* _Exercise objective_
Exactly the lines from the one containing "The Marshalltown Wells Fargo Bank team" through the one containing "Reading Room having Capacity of 40 Students" in the listing below are to be copied, with the pictures left out.

* _Data to examine_
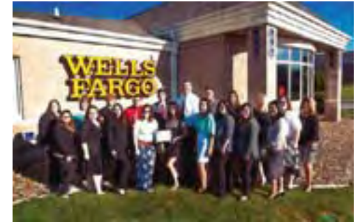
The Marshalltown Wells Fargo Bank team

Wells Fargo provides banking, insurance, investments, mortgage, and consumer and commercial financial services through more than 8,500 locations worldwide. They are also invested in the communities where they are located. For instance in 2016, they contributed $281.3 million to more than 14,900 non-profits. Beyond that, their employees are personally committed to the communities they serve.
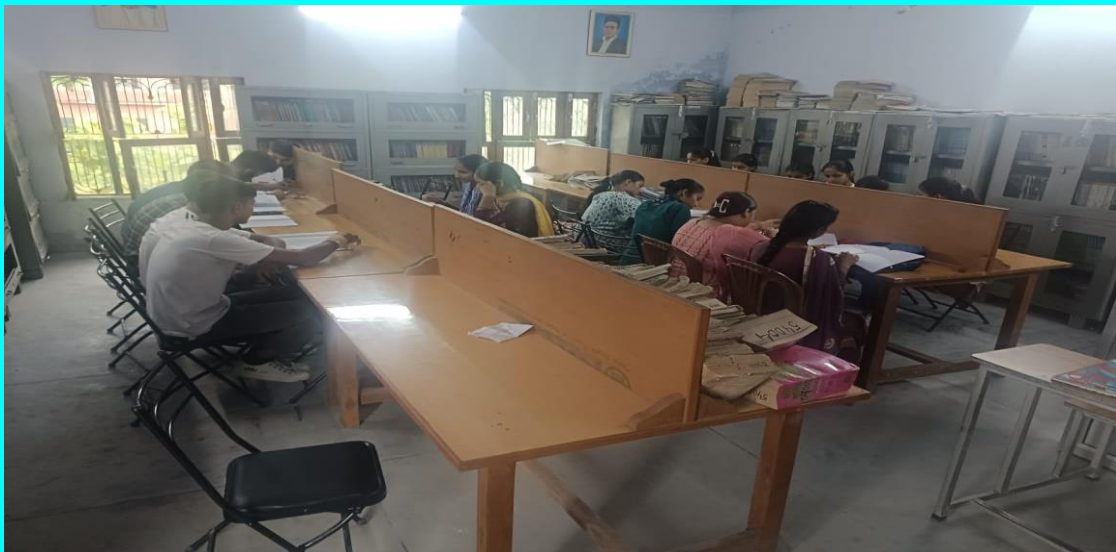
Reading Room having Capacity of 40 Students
* * *
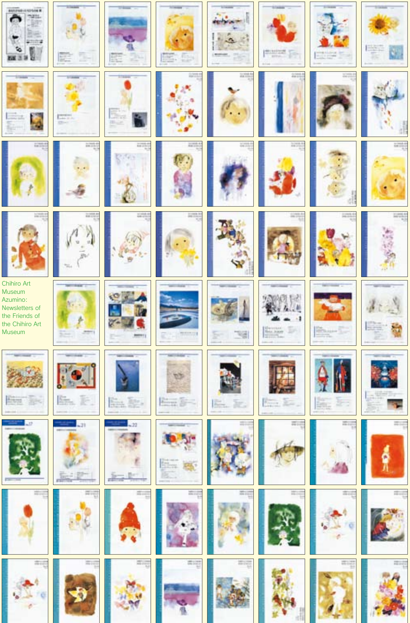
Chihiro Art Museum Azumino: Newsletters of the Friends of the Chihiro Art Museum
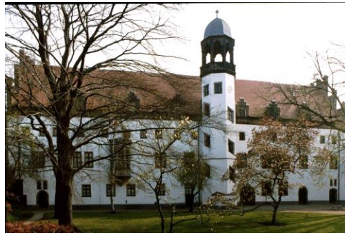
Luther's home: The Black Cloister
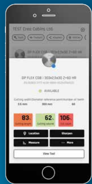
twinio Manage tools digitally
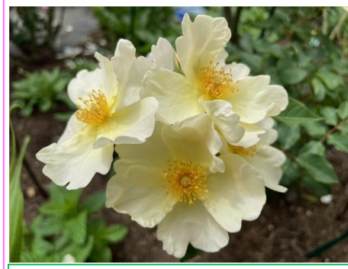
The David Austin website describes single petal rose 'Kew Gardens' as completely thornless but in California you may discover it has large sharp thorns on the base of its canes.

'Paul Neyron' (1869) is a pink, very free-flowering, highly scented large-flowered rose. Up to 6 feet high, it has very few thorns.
--
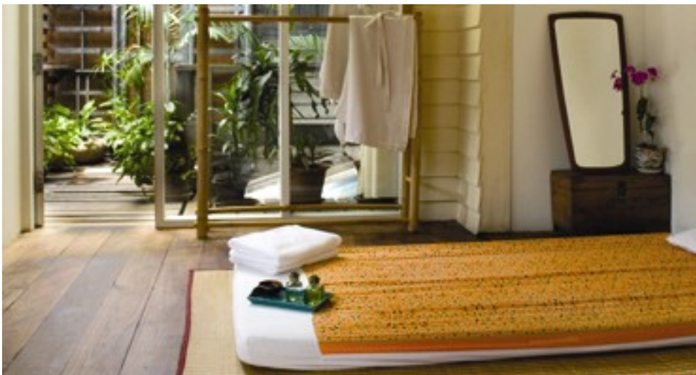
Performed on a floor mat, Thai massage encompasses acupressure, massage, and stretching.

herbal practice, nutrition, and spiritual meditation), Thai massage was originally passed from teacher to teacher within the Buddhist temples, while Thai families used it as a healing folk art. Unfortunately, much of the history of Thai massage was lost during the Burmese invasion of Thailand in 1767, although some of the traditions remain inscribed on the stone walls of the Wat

* _Task solution_
The Marshalltown Wells Fargo Bank team

Wells Fargo provides banking, insurance, investments, mortgage, and consumer and commercial financial services through more than 8,500 locations worldwide. They are also invested in the communities where they are located. For instance in 2016, they contributed $281.3 million to more than 14,900 non-profits. Beyond that, their employees are personally committed to the communities they serve.
Reading Room having Capacity of 40 Students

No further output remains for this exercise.